PoeticInjustice said:


> structure*



And exactly what good does correcting one word do?


----------



## STXmedic (Apr 3, 2012)

firefite said:


> And exactly what good does correcting one word do?



It's the only error I found


----------



## DesertMedic66 (Apr 3, 2012)

PoeticInjustice said:


> It's the only error I found



Haha. I'm sure there are others. But it's ok because I have alot of excuses (I'm on my iPhone, I just got off a long shift, my thumbs are big) but in reality I'm just not good at spelling, grammar usage, and sentence structure


----------



## Anjel (Apr 3, 2012)

Regarding the posts that are just one paragraph that go on and on and on. I will not read them.

I get a headache and loose my spot trying to read on my phone. I just ignore those posts, or just read the replies.


----------



## Tigger (Apr 3, 2012)

I have to be super bored at work to write up a long and somewhat well constructed response using tapatalk. The iPhone keyboard is just not that great and I have to correct 9000 errors before I post it. Nonetheless, I still proofread everything I write no matter what it was written on. Somethings get through of course, but I don't like messy posts. If you're going to to post something you owe it your expected readers to make it easily readable.


----------



## STXmedic (Apr 3, 2012)

I'm the same as Tigger. I'm on my phone 95% of the time. Yet I still don't post illegible crap. Everything gets proof-read so I know that I'm getting across what I want to say, and that it's in such a way that others can read and comprehend it.* I don't buy the "I'm on my phone" excuse. As others have said, I take time to write out my posts legibly. If you don't share the same courtesy, I typically don't read your post. 

*Sadly, even my "quick" text messages are this way.


----------



## mycrofft (Apr 3, 2012)

Maybe folks who have to resort to mobile devices don't have the time to carefully post?


----------



## ffemt8978 (Apr 3, 2012)

mycrofft said:


> Maybe folks who have to resort to mobile devices don't have the time to carefully post?



If so, then maybe they should wait until they have the time.  I don't want to create another forum rule about posting here while driving code 3 in rush hour traffic.  

Sent from my Android Tablet using Tapatalk


----------



## DrParasite (Apr 3, 2012)

hippocratical said:


> ¿ǝlqıƃıllǝʇuı ǝɹoɯ ʇı ǝʞɐɯ uʍop ǝpısdn ǝuoɥd ʎɯ ƃuıploɥ sǝop


that's awesome!!!!

I almost always check out the forum on my PC, using Google Chrome with it's built in spell checker. I've actually made spelling corrections when I quote people if chrome flags them.

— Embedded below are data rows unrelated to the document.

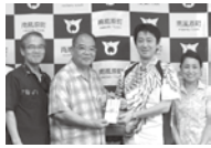
瑞泉酒造株式会社様からの寄付金贈呈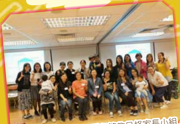
上午班家長完成「6A 愛與管教品格家長小組」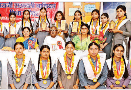
मेधावियों को सम्मानित करते शिक्षक।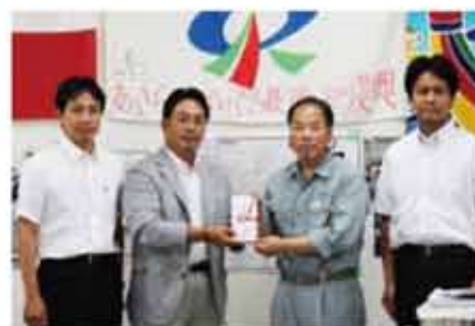
東松島市長に直接義援金を渡しました

8月に東日本大震災で被害を受けた宮城県の石巻市、仙台市、東松島市、女川町を訪問しました。福岡県の職員が派遣されている東松島市では義援金を直接市長に渡し、市長からは震災被害の状況や復興への計画等を聞か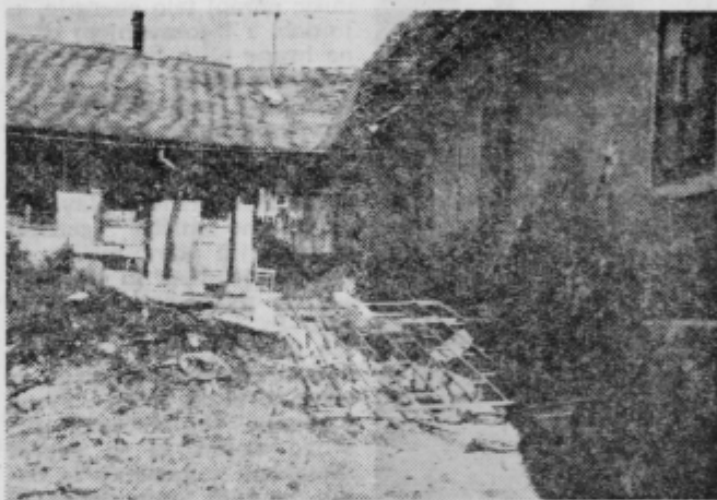
Kako prenašajo stanovalci tako neurejeno dvorišče?

S samoprispevkom, kreditom in udeležbo občanov in delovnih organizacij so zagotovili sredstva za asfaltiranje. Ker ne morejo pričeti z delom brez odobrenja republiškega sklada, čakajo na njegov »žegen«, kot pravijo tamkajšnji prebivalci. Obsojajo dejstvo, da sklad samo »drži roko« nad omenjeno cesto, modernizira pa je ne, niti nič ne prispeva. Prebivalci upajo, da republiški organi ne bodo stvari predolgo zadrževali in da bodo odobrili modernizacijo (asfaltiranje) na običajni način. Če bodo zahtevali močnejšo in seveda dražjo varianto, ne bo dovolj sredstev. Če republiški organ smatra, da je cesta takega pomena, da je treba močna gradnja, je prav žalostno, da sam ne poskrbi za njeno modernizacijo. Občestni prebivalci bi se radi vsaj rešili prahu, drugi pa nestetih jam na makadamu. Pristojni so že sklenili, da bodo kljub »boljši« zahtevi asfaltirali na običajni način, katerega bodo zmogli z zbranimi sredstvi. Menijo, da se samo na »žegen« ne bodo ozirali. Prav radi pa bodo pomagali, če bi pri večji in močnejši modernizaciji omenjene ceste sodeloval tudi republiški cestni sklad. ZR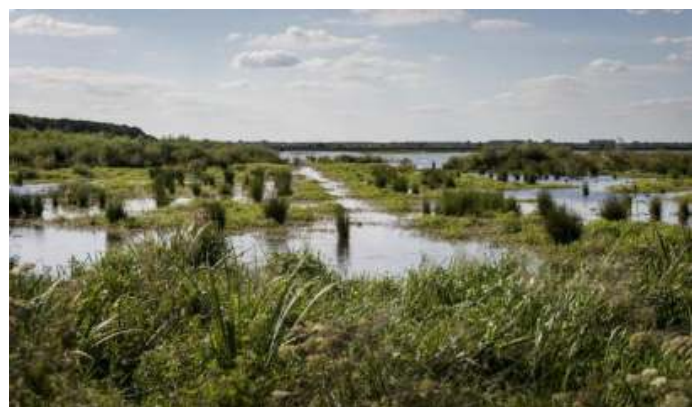
Westerbroekstermadepolder en Kropswolderbuitenpolder

Daarna kunnen we (naar behoefte) aan de westzijde van het Zuidlaardermeer nog enkele andere vogelhutten bezoeken met mooi uitzicht op de polders. Hier broeden en jagen Visdieven, Zwarte stern en de Witwangstern. Ook Zomertaling, Rietzanger en Blauwborst zijn hier te zien.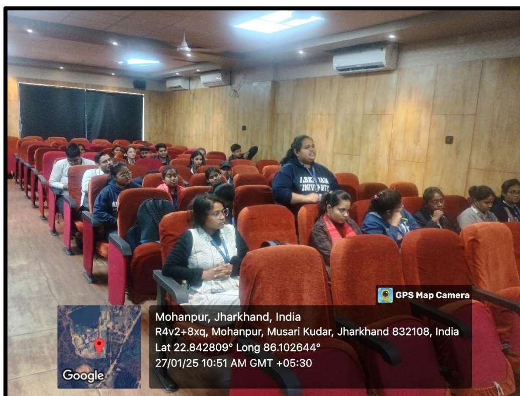
Fig. 6- A participant posing a question to the resource person during the workshop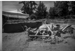
Album BPil IPN #2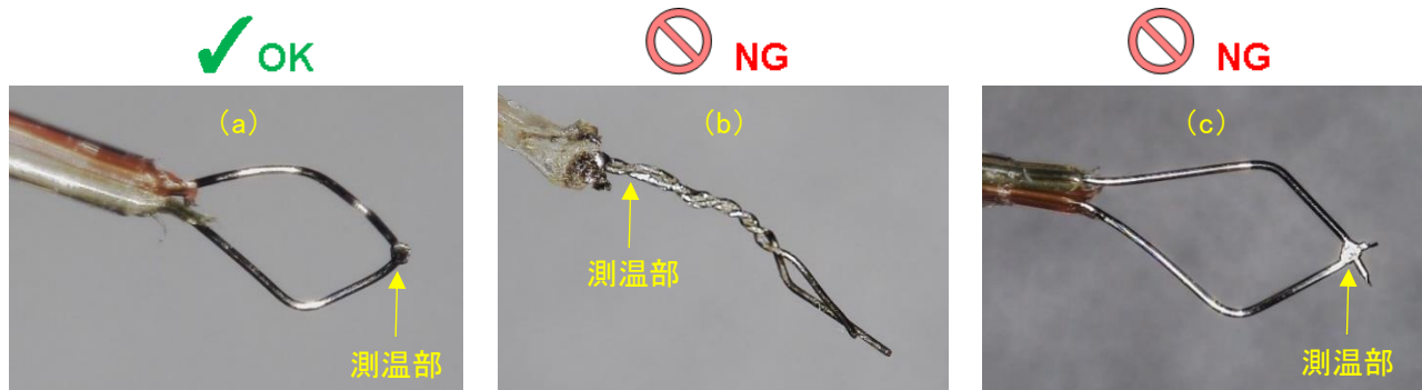
図 3. 熱電対の測温位置

熱電対の測温位置は、接合もしくは接触の根元部分です。図 3(b) のように根元でねじれた熱電対では、先端部分ではなく、ねじれの部分で測温します。熱電対先端が T MP 測定ポイントに接触していても、測温部が離れてしまうと T MP が低くなる可能性があります。測温部が T MP 測定ポイントに接触するようご注意ください。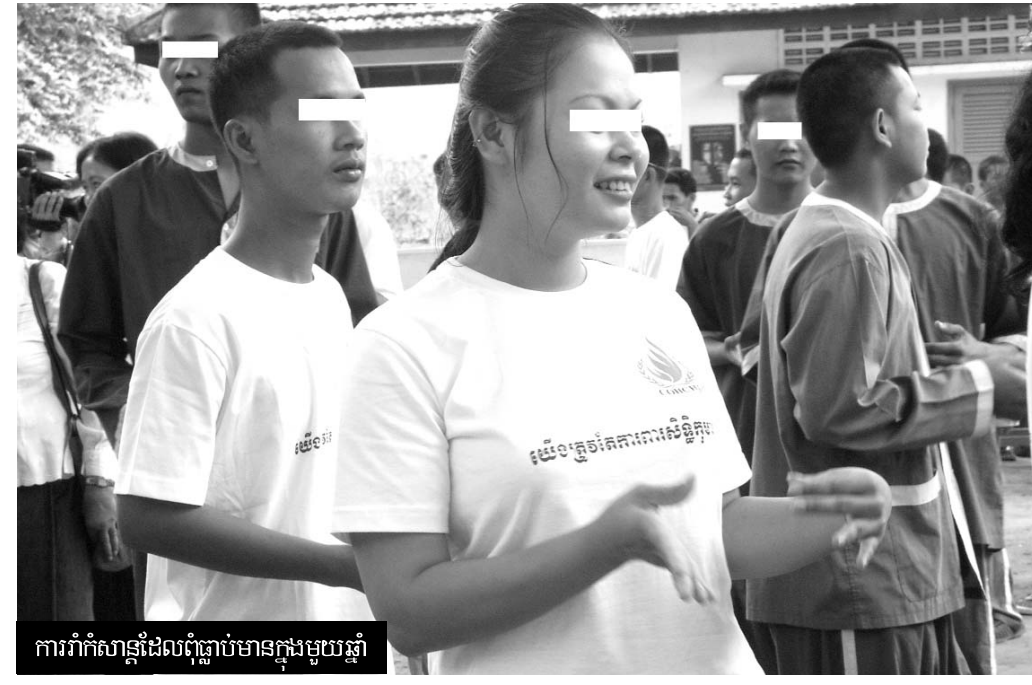
ការរាំកំសាន្តដែលបញ្ចប់មានក្នុងមួយឆ្នាំ

ការឱ្យបត់គ្នា... មានការត្រួតពិនិត្យយ៉ាងខ្លាំងពីសំណាក់ក្រុមគ្រួសាររបស់អ្នកទោសនៅគ្រប់ពន្ធនាគារថា “មានការលំបាកណាស់ក្នុងការចូលសួរសុខទុក្ខក្នុងសណ្ឋានព្រោះត្រូវបង់លុយកាក់រាល់ពេល”។ នេះជាបញ្ហាមួយដ៏ធ្ងន់ធ្ងរសម្រាប់គ្រួសារក្រីក្រ។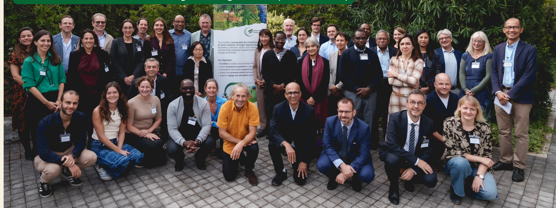
Evento Paralelo del Foro Mundial de la Alimentación de la FAO (Roma, Italia)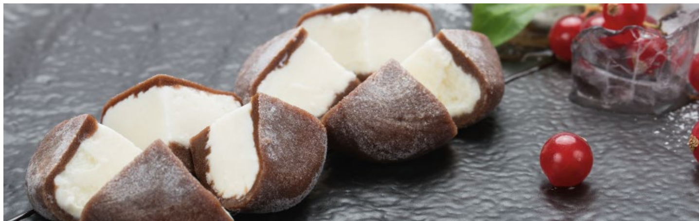
Mochi - Tipico dolce giapponese di riso glutinoso farcito con gelato

It doesn't catch grammar errors, but I also make an effort to avoid run on sentences and short hand anytime I am not on my phone


----------



## mycrofft (Apr 3, 2012)

My Mac Mini's MAC OS X (lion I think) has embarrassed me a few times by suggesting spellings which were substantially different than what I was trying to type, which I missed in rereading.
I know, I KNOW, the optimal way to post to any forum is to do it in a word processor first, then cut and paste, but that is a drudge on the spontaneity here and elsewhere. AND the typos.

My posts from my netbook's smaller keyboard have been more harrowing, but editing them before sending still yield's something better than "thumbspeak".


----------



## Tigger (Apr 3, 2012)

mycrofft said:


> I know, I KNOW, the optimal way to post to any forum is to do it in a word processor first, then cut and paste, but that is a drudge on the spontaneity here and elsewhere. AND the typos.
> 
> My posts from my netbook's smaller keyboard have been more harrowing, but editing them before sending still yield's something better than "thumbspeak".



I care about spelling and grammar, but not to the point that I'd ever use a separate application to ensure its perfection. The firefox spellcheck is good enough, though it often times misses medical or industry specific terms. A quick google can turn up the proper spelling quickly though.


----------



## akflightmedic (Apr 3, 2012)

firefite said:


> I guess I'm the first one on this thread to say I don't have an issue with how people type. Being able to use perfect sentence structor and etc doesn't reflect how much respect I give someone. I have read many doctor's reports that have many errors.
> 
> As long as I can get the information from it I honestly don't care how it is. I know my posts contain alot of errors, so please feel free to point them out. I am not going to take college English classes.
> 
> The simple thing is if you can't read something on this site because you are a grammar nazi then isn't it alot easier to just ignore the post instead of correcting every single little thing? Just my opinion.



You cannot say "and etc" like you did in the first paragraph as it is redundant. Et cetera literally means 'and others'.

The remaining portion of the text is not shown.